And that’s precisely why we need to stop ACTING like they are by being too non-traditional, too commuter, and too part-time……AS THEY ARE.
It holds us back. Makes us look more like them and less like UCLA or Pitt, which is what we should strive to be more like academically/institutionally.
There are somewhere around 8,400 hundred beds in and around campus with another 10,000 coming in 2027. This sound like a “the sky is falling” post. UH has been shedding the commuter school label for about a decade now.
Community College students have NO desire for a Traditional College Life.
They chose to live at home and commute, not be involved in both student clubs and athletic activities and chose to work during college often leaving campus the second class ends, compared to Traditional campuses which have a Univetsity themed district adjacent to campus keeping them there.
Yes…they are there for academics but that is NOT what we are arguing, we are arguing their connection to the University OUTSIDE OF ACADEMICS
The second we accepted a P5 invitation, is the second we officially NEED to become a Traditional Campus.

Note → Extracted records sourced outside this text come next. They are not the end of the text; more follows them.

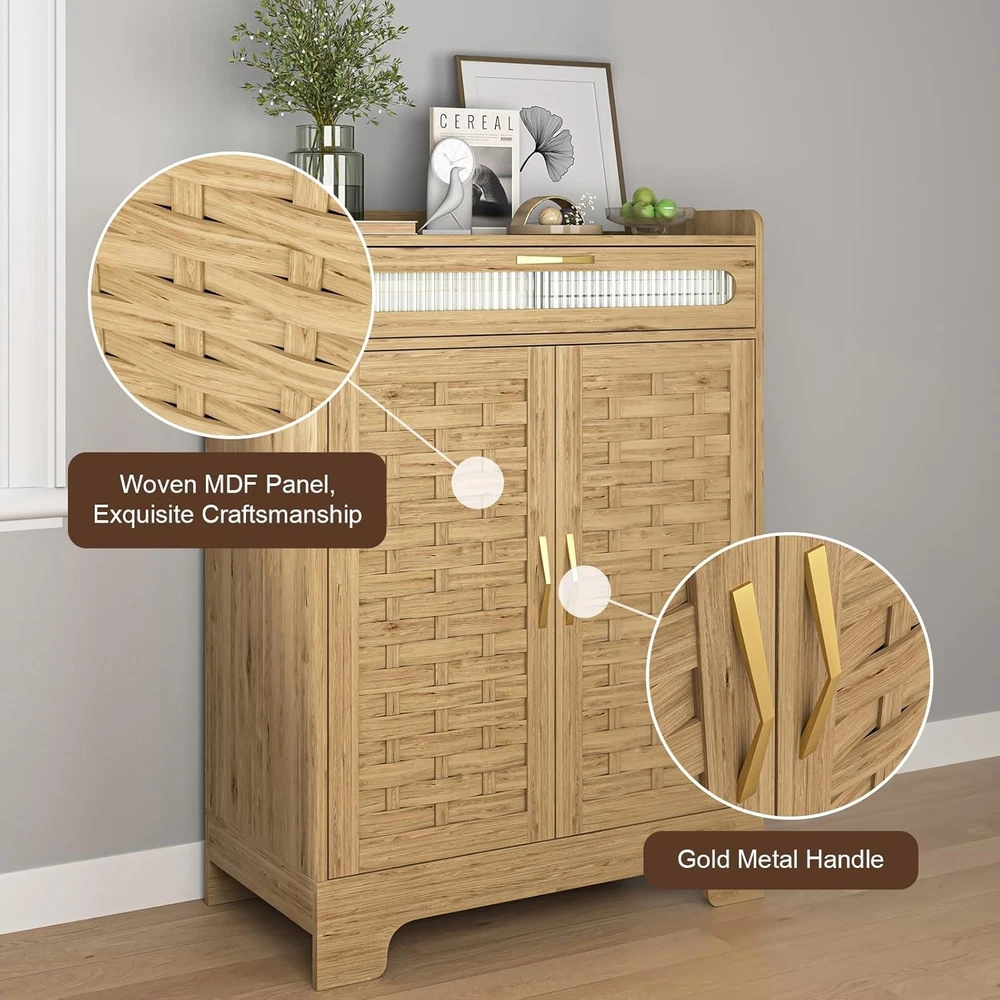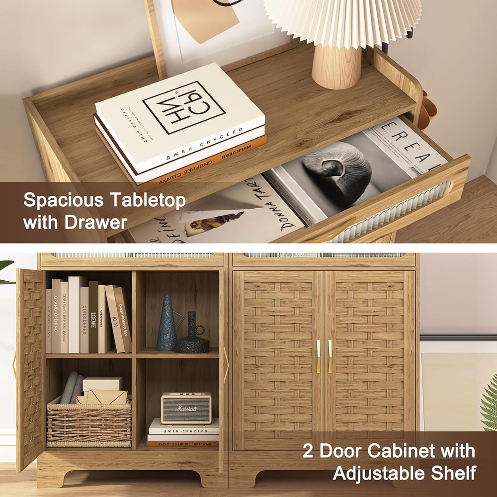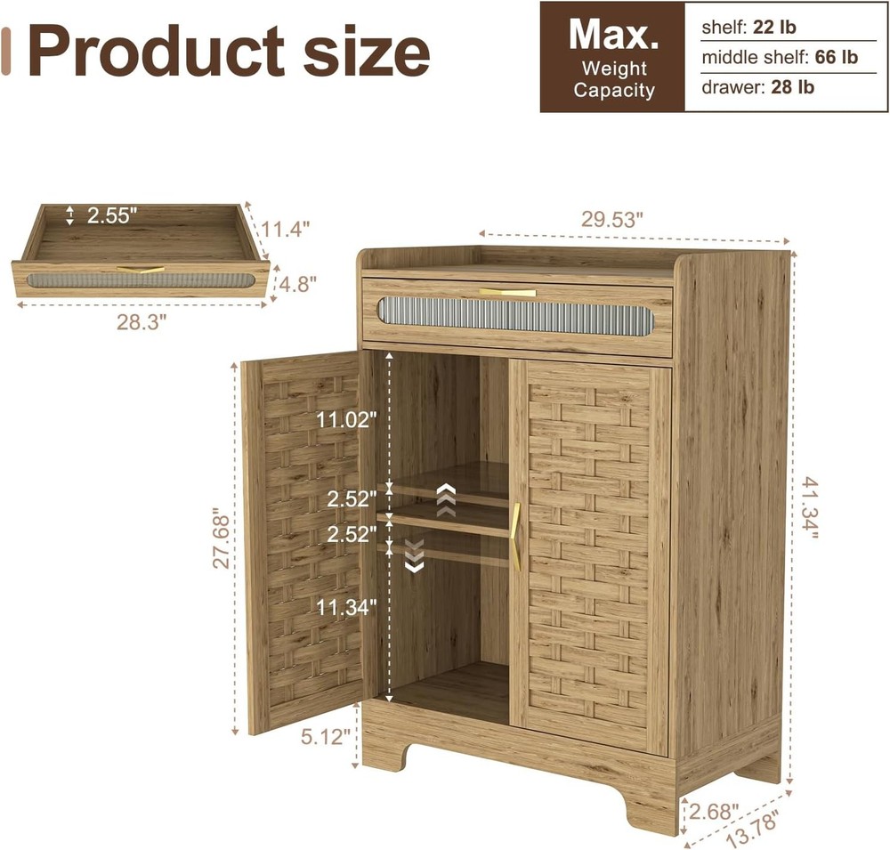 Product Description About this item 【Farmhouse Woven MDF Door Design】 Our kitchen buffet storage cabinet comes with a farmhouse design, and it will easily fit in your kitchen or living room. The unique woven MDF design with exquisite craftsmanship make this cabinet a perfect match for your home decoration.The smoothly sliding drawer and metal handles bring modern and classic for your living space and better integrate into the whole environment, which also makes it easy to assemble. 【Spacious Storage Sideboard】 Our woven MDF kitchen sideboard buffet designed with a drawer and 2 Door Cabinet with interior adjustable height shelf,which can easily meet your different storage needs and also offers great convenience for you to store all kinds of daily necessities. 【Perfectly Size & Multipurpose Use】The accent cabinet with doors measure 13.7"D x 29.5"W x 41.3"H. Weight: 80 lbs. Made of premium MDF and solid wood leg base for sturdiness and stability. 2 tiers zoned storage and a spacious tabletop provide ample storage space, ideal as hallway cabinets, entryway storage cabinets, office storage cabinets, sideboards, small buffet cabinet, floor cabinet 【Practical Home Necessity】The buffet table for kitchen or dining room can be used with confidence. Reliable and harmless material with smooth surface and no peculiar smell. The cabinet also has anti-tip accessories that can be fixed on the wall to provide better protection for your family. This sideboard cabinet is an elegant, attractive and functional piece of decorative furniture that will complement any style of room 【Easy Assembly】Comes with all necessary hardwares and an detailed instruction manual to help quick and effortless setup. If you have any issues, please let us know, we will give solution within 24 hours. On Aug 14, 2025 at 22:39:29 PDT, seller added the following information: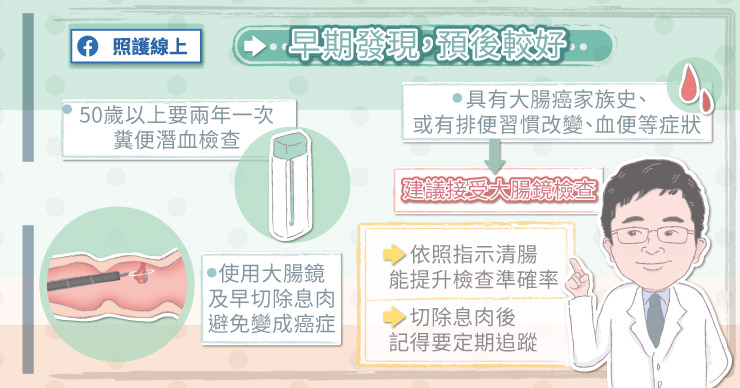 站在胃腸科醫師的立場,我們鼓勵患者做大腸鏡檢查。早期發現大腸癌,患者預後會比較好,早期的大腸息肉幾乎都沒有症狀,唯有大腸鏡才有機會發現息肉並能加以切除,更能避免演變成大腸癌。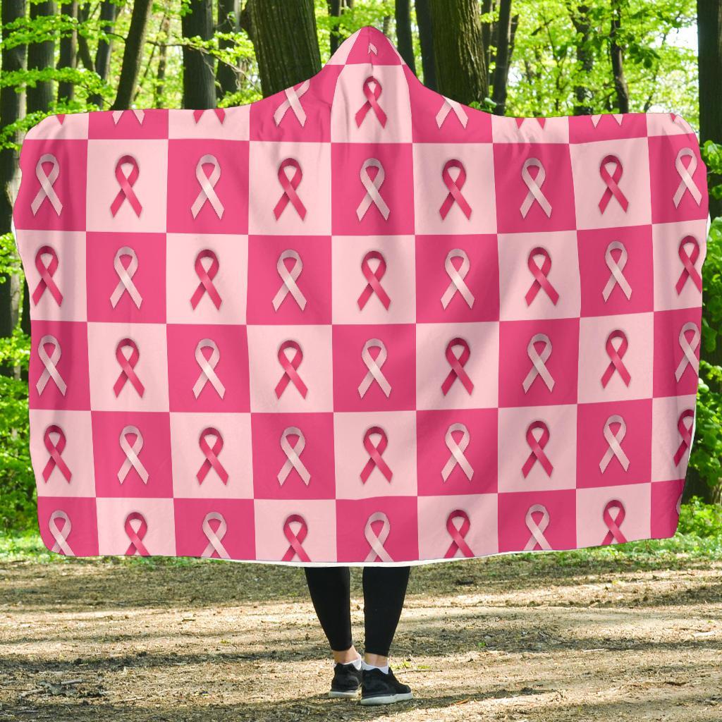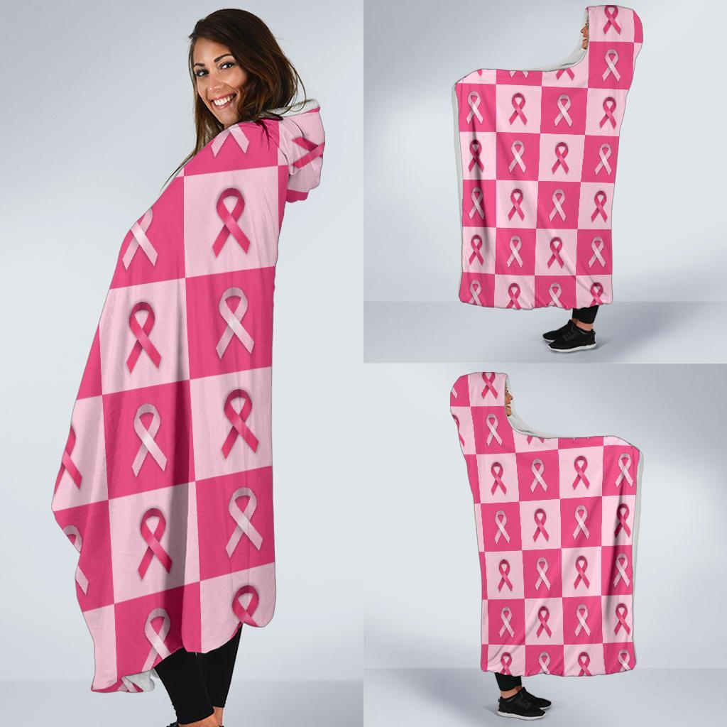 Breast Cancer Awareness Pink Ribbon Pattern Print Hooded Blanket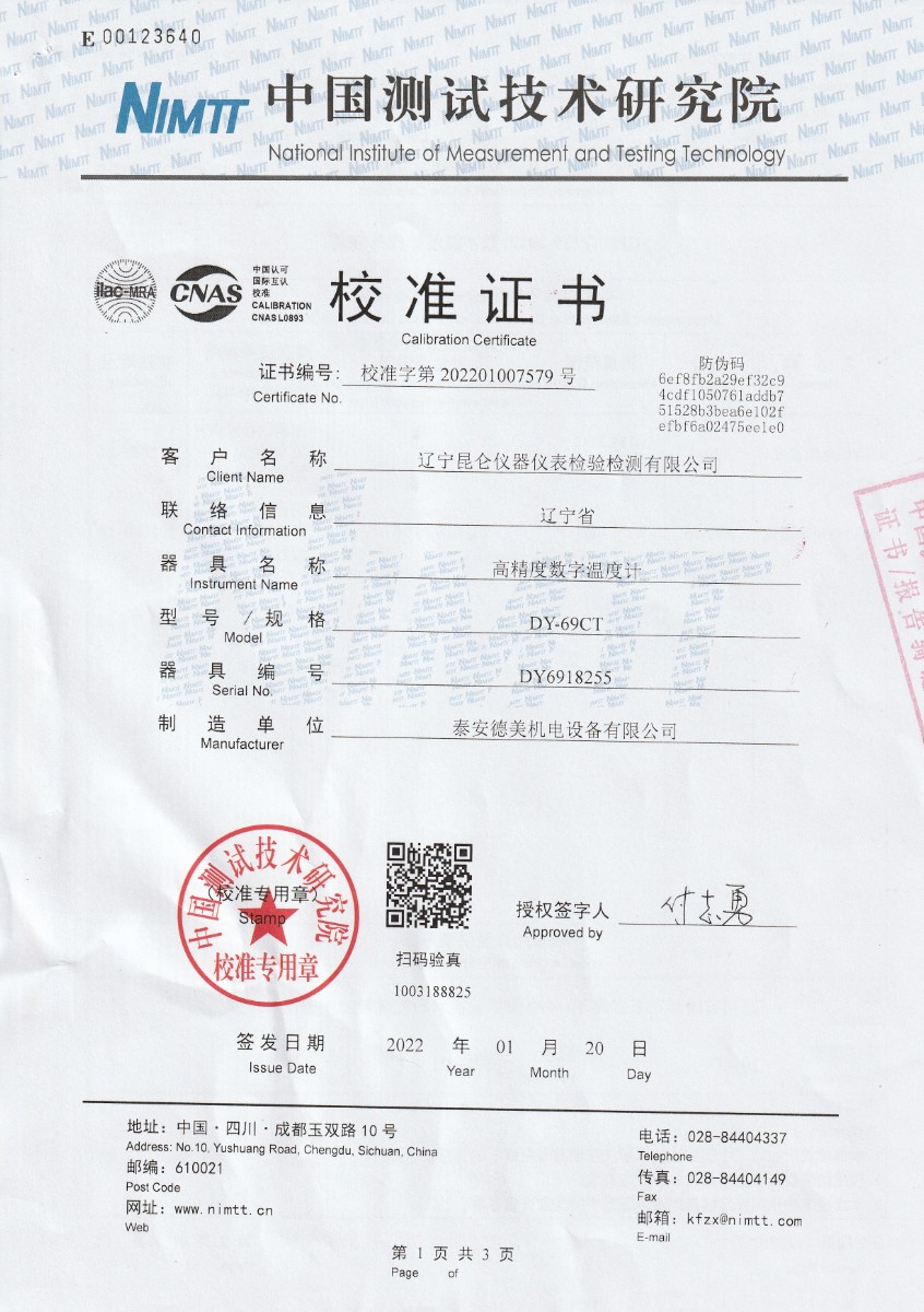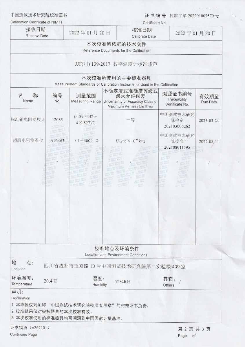 | 上一條:企業(yè)證書 | 下一條:便攜式干體爐(-30-150℃)校準(zhǔn)證書 |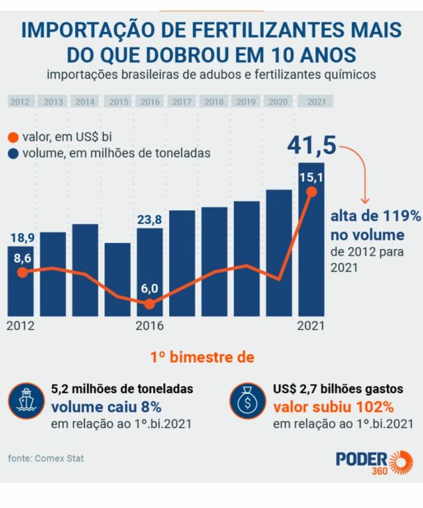 Según un levantamiento realizado por el equipo de Portal360, la importación de fertilizantes para Brasil alcanzó 41,5 millones de toneladas en 2021. Esto representa un aumento del 119% en volumen en los últimos 11 años. Consulta los datos en el gráfico a continuación.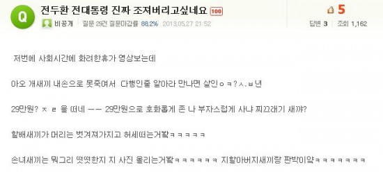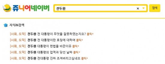스크롤을 내릴 필요도 없이 곧바로 비속어가 나왔다. 최상단 ‘지식in’ 코너에 ‘[사회, 도덕] 전두환 전 대통령 진짜 조져 버리고 싶네요’의 제목이 나타났다.

Dr. Khator tried to make that transition a decade before but politics got in the way.
Our region has many more affordable options for those WHO DO NOT want the Traditional College elements.
We all have to pay for a Power Conference designation, just like every single other school on that echelon
Enough with the “traditional student” BS. There’s nothing wrong with community college kids. You guys don’t know their circumstances.
If you want UH to be like college town campuses, then make real estate around UH more affordable.
There’s nothing wrong with commuters because statistically the majority of public universities could be considered commuter schools. If you want kids to stop commuting from suburbs 45+ minutes away, then make off-campus housing/apartments around campus more affordable so that they can spend more time around the university / within the loop
The difference with UT is that many live in adjacent districts within walking distance and almost ALL of the off campus population is very engaged outside of their academic schedule.
UT routinely fills up a 100k stadium…has more student clubs, greek life etc and has 6th Street full of students
98% of UCLA’s true freshmen live on campus, even without a housing mandate.
That’s a goal to shoot for.
NO WONDER UCLA is so widely regarded as one of America’s top urban public research universities, if not THE top.
As for UT, that’s a little misleading because, while only a relatively small percentage may live in campus housing, a SUPER-MAJORITY of UT undergrads live VERY NEAR campus, and most are full-time.
It’s quite a bit different from UH in that regard. Nowhere close to the same “commuter” atmosphere.
For most of UH’s existence, the land around UH has been some of the cheapest real estate inside the loop.
So cheap that it scared off quality University themed development because the district has no catchment area to support development. All they have is the third ward and a majority commuter school.
We need gentrification to justify higher quality developments that parents would feel safe letting their children hang out at
This conversation has nothing to with academics beside the point our crappy 4 year graduation rate + commuter school reputation is preventing us from becoming AAU.
The rest of the conversation is about college culture issues…or lack of
I’ll ask again, if you two (you and 1927/Cullen) think so low of the current UH and its past, why did you bother going to such a crappy commuter school in the hood? Why didn’t you go to UT, ATM, or UCLA?
a) it was the highest ranked law school that accepted me; aTm didn’t have a law school at the time, and I didn’t apply to UCLA; as a TX resident, UH Law Center also had the lowest tuition of any law school with that ranking, which kept my law school loans within reason, AND….
b) because I wanted to be a full-time, traditional, residential student; I lived on campus for three years, and was fully engaged in campus life.